[Stored entries]
--- START ---
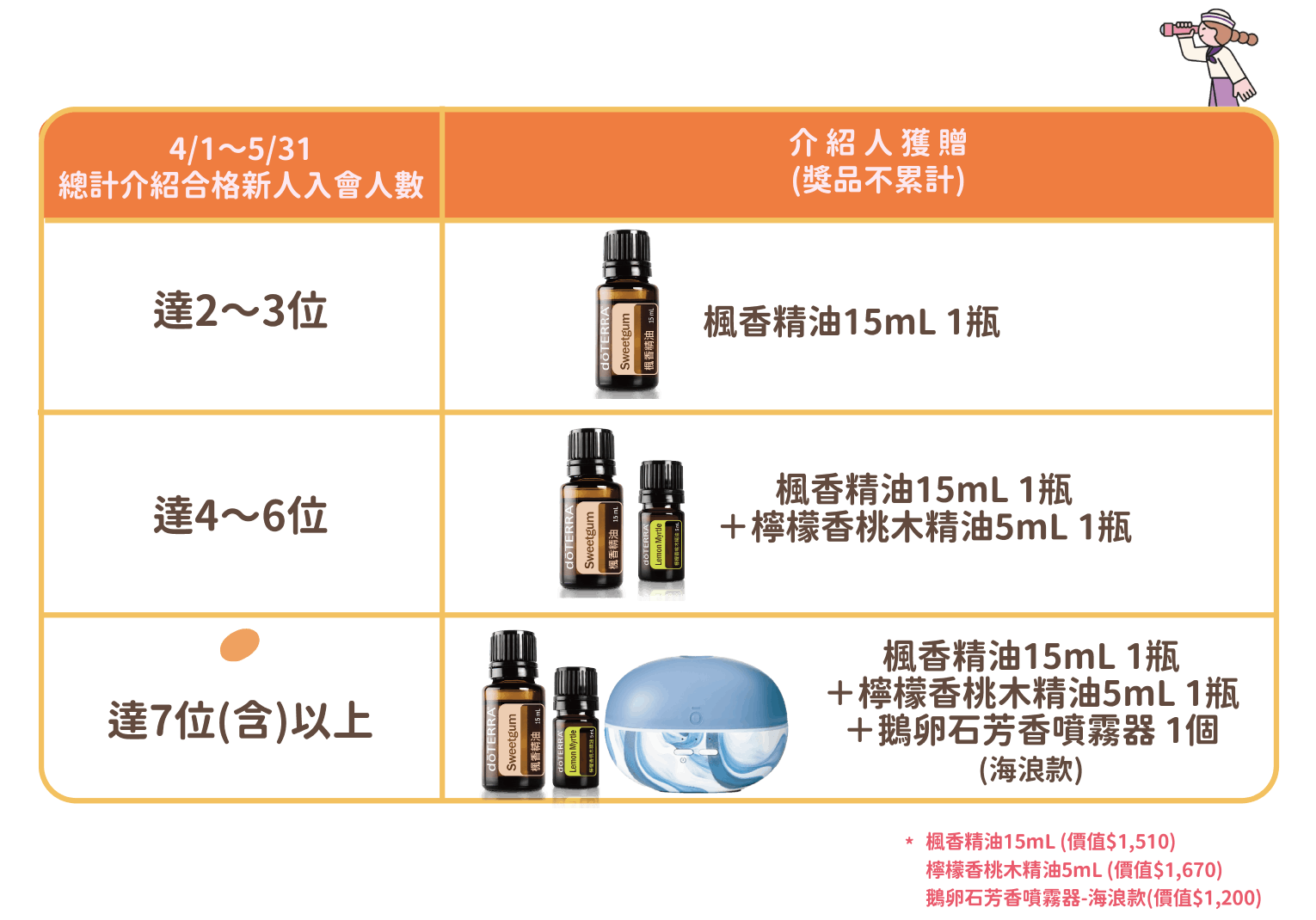 - 達4~6位,可獲得楓香 15mL x 1 + 檸檬香桃木精油 5mL x 1
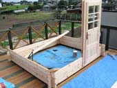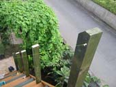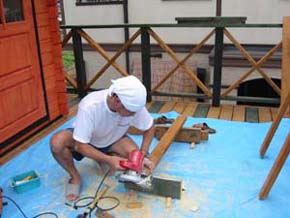 残っていた手摺り柱の間に2×4材を バッテンに格子に組んでいく 柱や手摺りがねじれたり、そったりして いるので、1本ずつ寸法取りして 切り刻んでいく、手間の掛かる作業だ! |
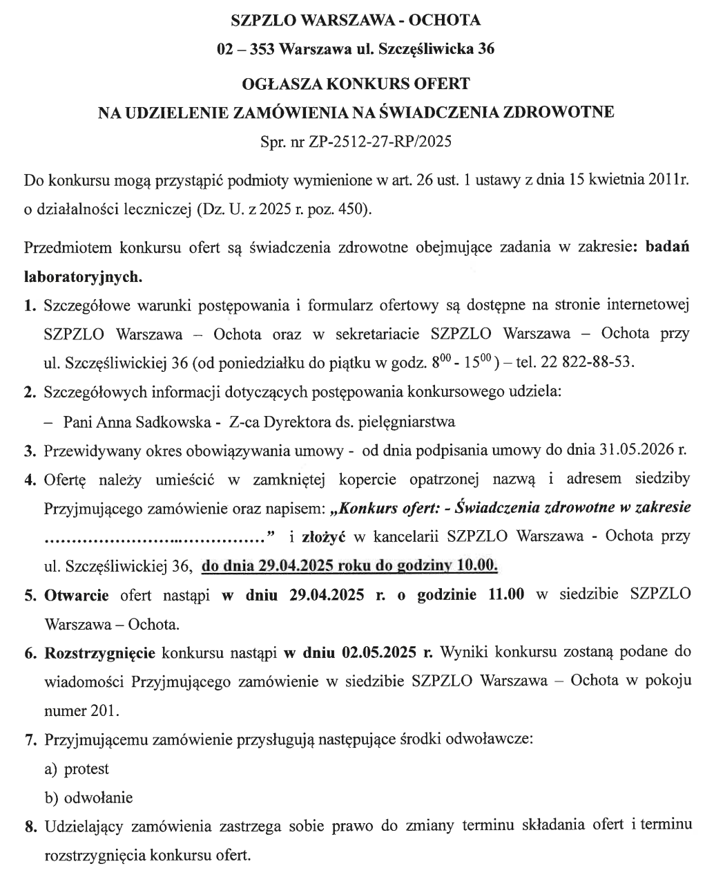 Konkurs ofert na świadczenia zdrowotne ***badań laboratoryjnych.
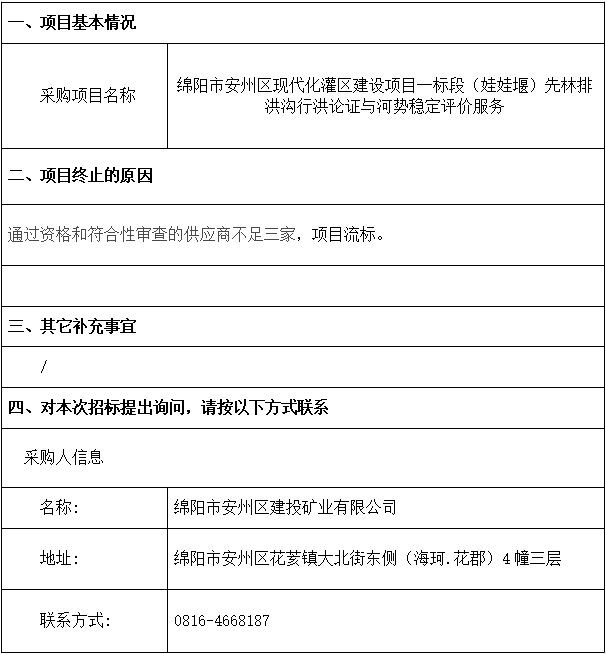 綿陽市安州區(qū)現(xiàn)代化灌區(qū)建設項目一標段(娃娃堰)先林排洪溝行洪論證與河勢穩(wěn)定評價服務流標公告
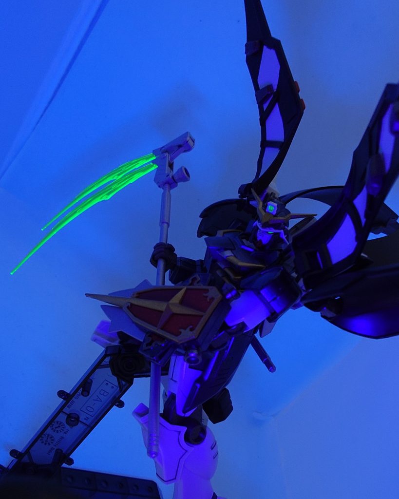 - ガイアノーツの蛍光グリーンでツインアイ等塗装し、ブラックライト照射で光るように。
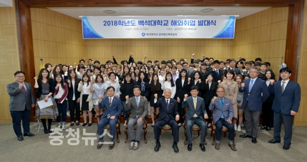 백석대학교(총장 장종현)는 23일 교내 글로벌외식관 5층 세미나실에서 재학생 및 교수진 100여 명이 참석한 가운데 해외취업 발대식을 열었다.
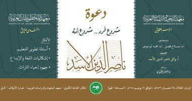 ويشارك فى الفعالية الدكتور محمد محمد أبو موسى والدكتور صلاح فضل، ويأتى خصيصًا لها من النمسا الأستاذ وائل نجل الدكتور الأسد ؛ الذى يعمل هناك رئيسًا لبعثة الجامعة العربية والمنظمات الدولية فيها. وقال الدكتور فيصل الحفيان، مدير معهد المخطوطات العربية، إن هذه الفعالية تأتى بتوجيه من معالى الدكتور عبدالله محارب المدير العام للمنظمة، تقديرًا للقامة الفكرية والعروبية الإسلامية العالية التى يمثلها الدكتور ناصر الدين الأسد والذى يُعد أحد الأعلام الكبار فى القرن العشرين، وامتد به العمر حتى ناهز التسعين عاماً، ورحل عن دنيانا فى 21 مايو 2015. وأضاف فيصل الحفيان، أن الأسد قد أثرى الحياة الفكرية والعلمية والثقافية والأدبية والعربية، وكان مشروعه هو مشروع الأمة، فقد انشغل بالأسئلة الكبرى التى تتوقف عليها النهضة ولا تقوم التنمية إلا بها، مثل أسئلة تطوير التعليم، وإشكاليات اللغة والإبداع، والعلاقة بالتراث، وكان نظره ذلك هو كله هو النظر العلمى الواعى والمتوازن الذى يقوم على الموضوعية والحيدة والدقة والاستدلال فى إطار محكم الأمانة العلمية ونبذ التعميم. وأشار “الحفيان”، إلى أن المعهدين لم يرغبا فى أن يجعلا من المناسبة تأبينًا للراحل الكبير، وذلك انسجامًا مع رؤيته الشخصية ومسيرته، لذلك كان المدخل هو تلك الأفكار التى شكلت هواجس سكنته طوال عمره المديد، وذكر أن الدعوة قد وجهت لعدد كبير من المثقفين والمتخصصين والمعنيين بالشأن الفكرى والثقافى والتراثى.
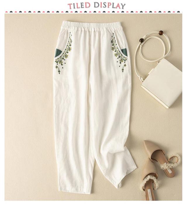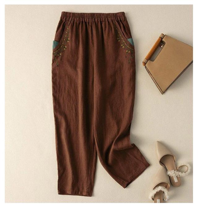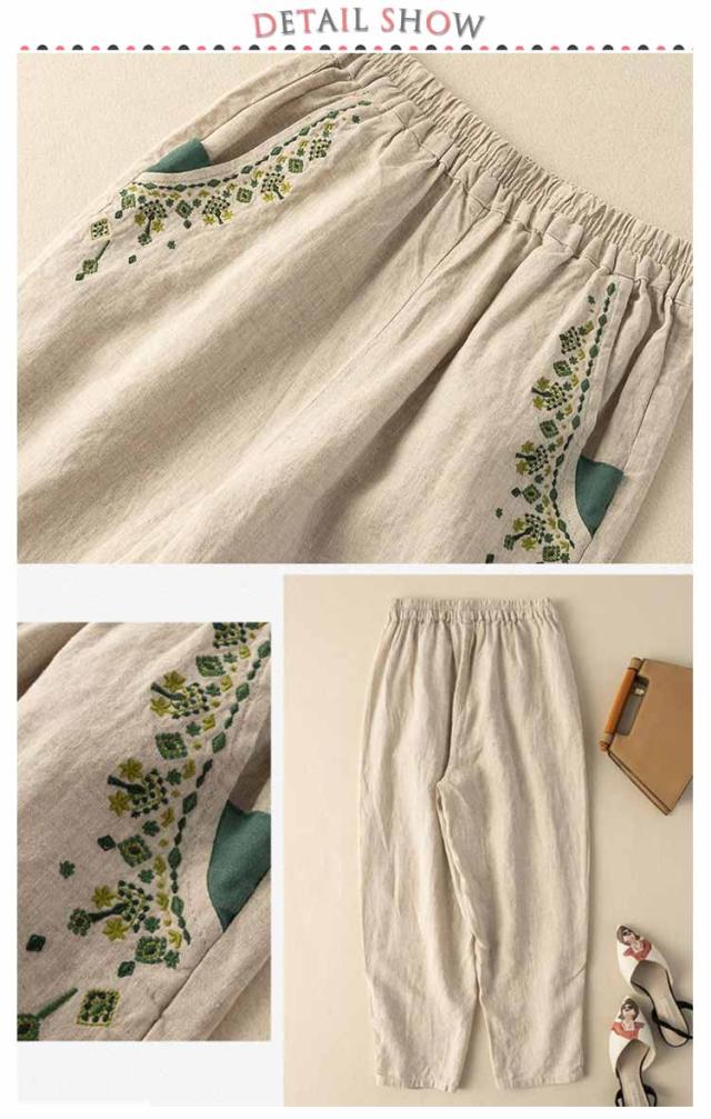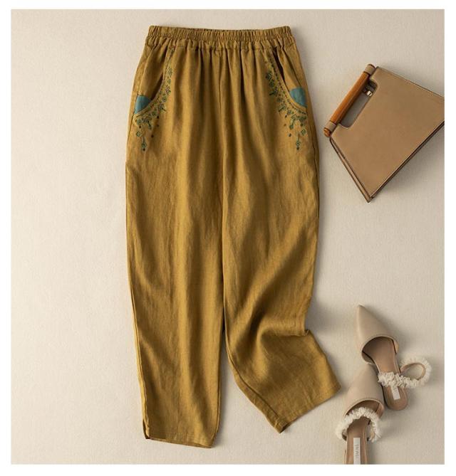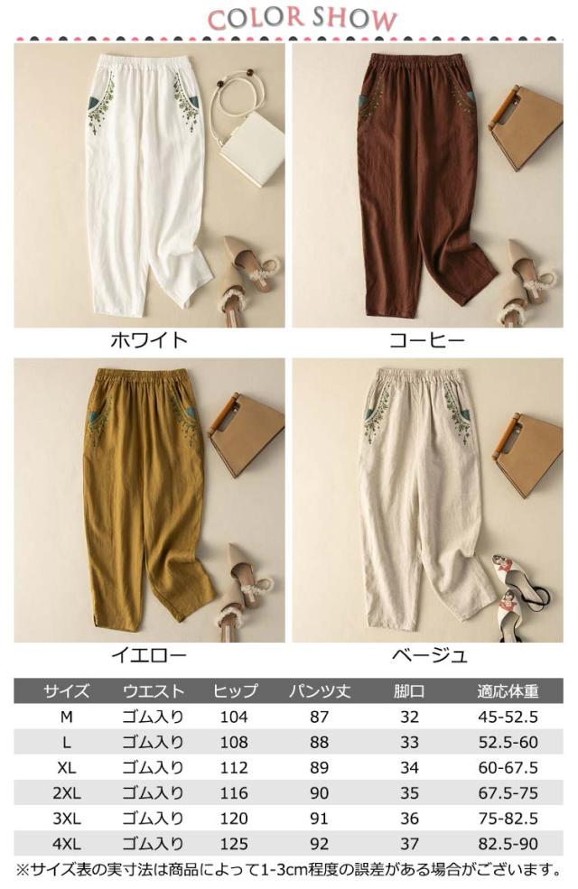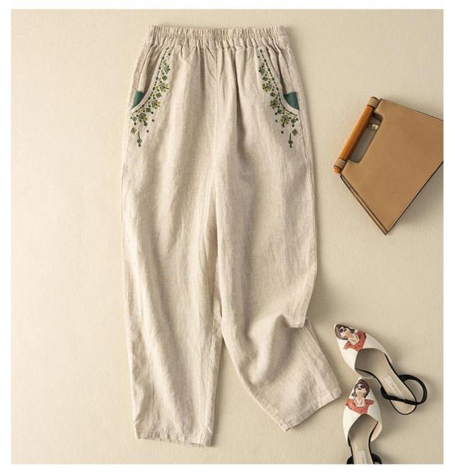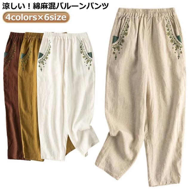 リネンパンツ 麻 パンツ 夏 刺繍 レディース ゆったり パンツ パンツ 棉麻パンツ ウエストゴム 棉 リネン リネン 九分丈 薄手 無地 ポケット パンツ レディース 綿麻 着やせ リラックス 涼しい ウエストゴム サルエル ナチュラル 50代 30代 40代 60代
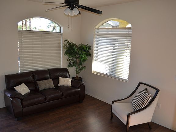 Lovely townhome in Villagio across from Hohokam Park. The large open downstairs greets you with new paint and beautiful wood flooring perfect for all your friends. The kitchen has beautiful maple cabinets with a functional island . 2 Spacious Master bedrooms with their own attached bathrooms and vaulted ceilings. This unit has its own private courtyard with covered patio perfect for entertaining. This is a great location close to the community pool and entrance. This unit is located just across the street from the Chicago Cubs spring training facility and Sloan park. This is the perfect location with all the amenities. Come take a look!
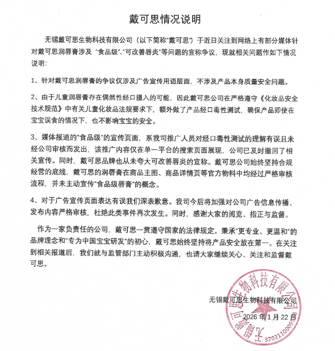 每经AI快讯,1月23日,戴可思发布《情况说明》称,无锡戴可思生物科技有限公司(简称"戴可思") 于近日关注到网络上有部分媒体针对戴可思润唇膏涉及"食品级"、"可改善唇炎"等问题的宣称争议,现 就相关问题作如下情况说明: 针对戴可思润唇膏的争议仅涉及广告宣传用语层面,不涉及产品本身质量安全问题。 由于儿童润唇膏存在偶然性经口摄入的可能,因此戴可思公司在严格遵守《化妆品安全技术规范》中有 关儿童化妆品法规要求下,额外做了产品经口毒性测试,确保产品即使在宝宝误食的情况下,也不影响 宝宝的安全。 媒体报道的"食品级"的宣传页面,系我司推广人员对经口毒性测试的理解有误且未经公司审核而发出, 该推广内容仅在单一平台的搜索页面展现,公司已及时撤回了相关宣传。同时,戴可思品牌也从未夸大 可改善唇炎的宣称。戴可思公司始终坚持合规经营的底线,戴可思的润唇膏在商品主图、商品详情页等 官方物料中均经过严格审核流程,并未主动宣传"食品级唇膏"的概念。 对于广告宣传页面表达有误我们深表歉意。我司今后将加强对公司广告信息传播、发布内容严格审核, 杜绝此类事件再次发生。同时,感谢大家的阅览、指正与监督。 戴可思情况说明 4、对于广告宣传页 ...
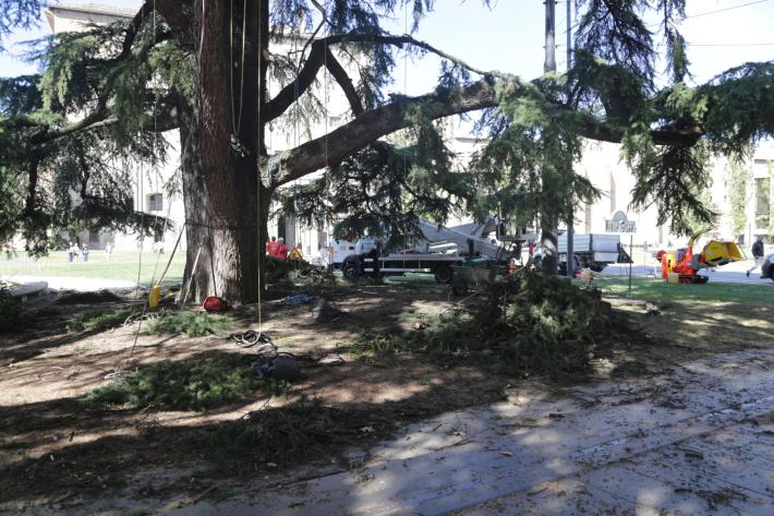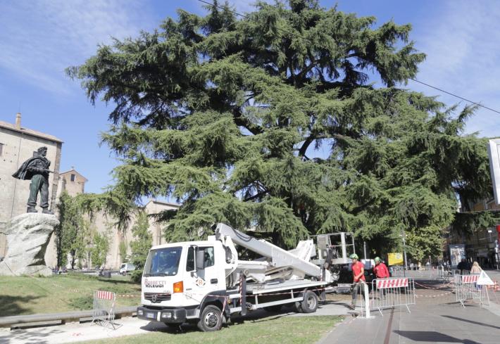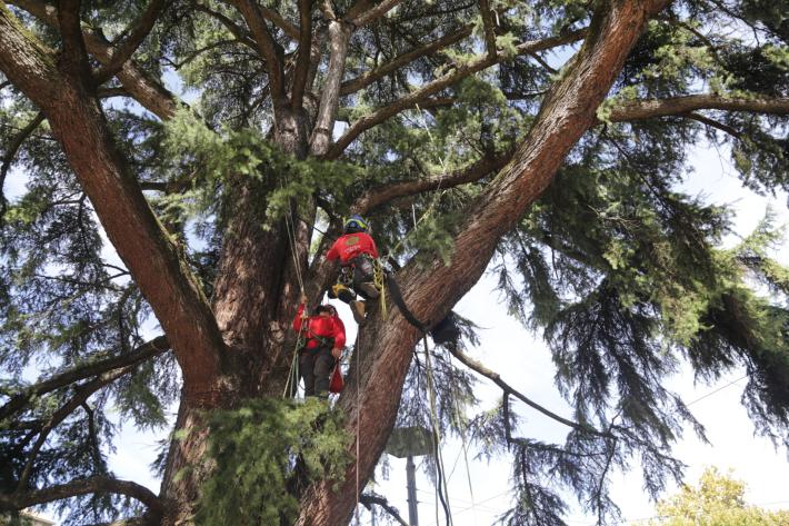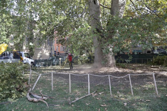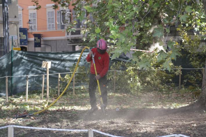Sono in corso in piazzale della Pace interventi di conservazione e cura sugli alberi monumentali: il cedro e i platani di Maria Luigia. Gli esemplari sono iscritti all’elenco degli alberi monumentali d’Italia (AMI), che comprende alberi ad alto fusto di particolare valore per maestosità, longevità, rarità botanica o rilevanza storica e culturale. Gli interventi rientrano nell’attività periodica di conservazione e comprendono la rimonda delle parti secche e specifiche azioni di cura del sistema radicale. In particolare, viene utilizzata la pratica dell’air spade, uno strumento ad aria compressa che permette di spostare il terreno circostante alle radici senza danneggiarle; questo metodo favorisce la corretta aerazione del substrato, migliora l’assorbimento dei nutrienti e stimola la rigenerazione delle radici, contribuendo così a incrementare la salute complessiva degli alberi. A completamento delle operazioni, è stata installata una barriera temporanea per prevenire il costipamento del terreno dovuto al calpestio, in attesa della realizzazione di una delimitazione definitiva dell’area.
--- END ---
▶ **ACTION ITEM**
Quote, please, only the lines running from the one with "戴可思情况说明 4、对于广告宣传页 ..." down to the final line of the data above, keeping both ends and skipping the pictures.

▶ **RESPONSE TO THE EXERCISE**
 每经AI快讯,1月23日,戴可思发布《情况说明》称,无锡戴可思生物科技有限公司(简称"戴可思") 于近日关注到网络上有部分媒体针对戴可思润唇膏涉及"食品级"、"可改善唇炎"等问题的宣称争议,现 就相关问题作如下情况说明: 针对戴可思润唇膏的争议仅涉及广告宣传用语层面,不涉及产品本身质量安全问题。 由于儿童润唇膏存在偶然性经口摄入的可能,因此戴可思公司在严格遵守《化妆品安全技术规范》中有 关儿童化妆品法规要求下,额外做了产品经口毒性测试,确保产品即使在宝宝误食的情况下,也不影响 宝宝的安全。 媒体报道的"食品级"的宣传页面,系我司推广人员对经口毒性测试的理解有误且未经公司审核而发出, 该推广内容仅在单一平台的搜索页面展现,公司已及时撤回了相关宣传。同时,戴可思品牌也从未夸大 可改善唇炎的宣称。戴可思公司始终坚持合规经营的底线,戴可思的润唇膏在商品主图、商品详情页等 官方物料中均经过严格审核流程,并未主动宣传"食品级唇膏"的概念。 对于广告宣传页面表达有误我们深表歉意。我司今后将加强对公司广告信息传播、发布内容严格审核, 杜绝此类事件再次发生。同时,感谢大家的阅览、指正与监督。 戴可思情况说明 4、对于广告宣传页 ...
Sono in corso in piazzale della Pace interventi di conservazione e cura sugli alberi monumentali: il cedro e i platani di Maria Luigia. Gli esemplari sono iscritti all’elenco degli alberi monumentali d’Italia (AMI), che comprende alberi ad alto fusto di particolare valore per maestosità, longevità, rarità botanica o rilevanza storica e culturale. Gli interventi rientrano nell’attività periodica di conservazione e comprendono la rimonda delle parti secche e specifiche azioni di cura del sistema radicale. In particolare, viene utilizzata la pratica dell’air spade, uno strumento ad aria compressa che permette di spostare il terreno circostante alle radici senza danneggiarle; questo metodo favorisce la corretta aerazione del substrato, migliora l’assorbimento dei nutrienti e stimola la rigenerazione delle radici, contribuendo così a incrementare la salute complessiva degli alberi. A completamento delle operazioni, è stata installata una barriera temporanea per prevenire il costipamento del terreno dovuto al calpestio, in attesa della realizzazione di una delimitazione definitiva dell’area.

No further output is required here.